> Task:
Omit all pictures and transcribe only the lines in the entries below that run from the line with "딸기는 깨끗하게 씻어서" through the line with "鴨居大橋の夕焼け。丹沢山塊の後ろに富士山の姿が見えました。".

> Source data:

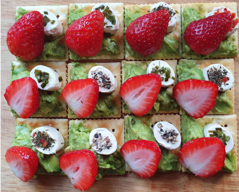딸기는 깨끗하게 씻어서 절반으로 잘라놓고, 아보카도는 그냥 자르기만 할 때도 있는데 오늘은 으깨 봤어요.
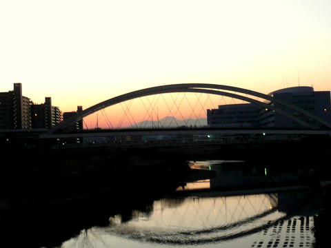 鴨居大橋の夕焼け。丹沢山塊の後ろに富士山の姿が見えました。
==
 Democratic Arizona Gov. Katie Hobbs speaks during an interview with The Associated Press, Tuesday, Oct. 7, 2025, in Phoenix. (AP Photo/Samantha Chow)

> Task output:
딸기는 깨끗하게 씻어서 절반으로 잘라놓고, 아보카도는 그냥 자르기만 할 때도 있는데 오늘은 으깨 봤어요.
 鴨居大橋の夕焼け。丹沢山塊の後ろに富士山の姿が見えました。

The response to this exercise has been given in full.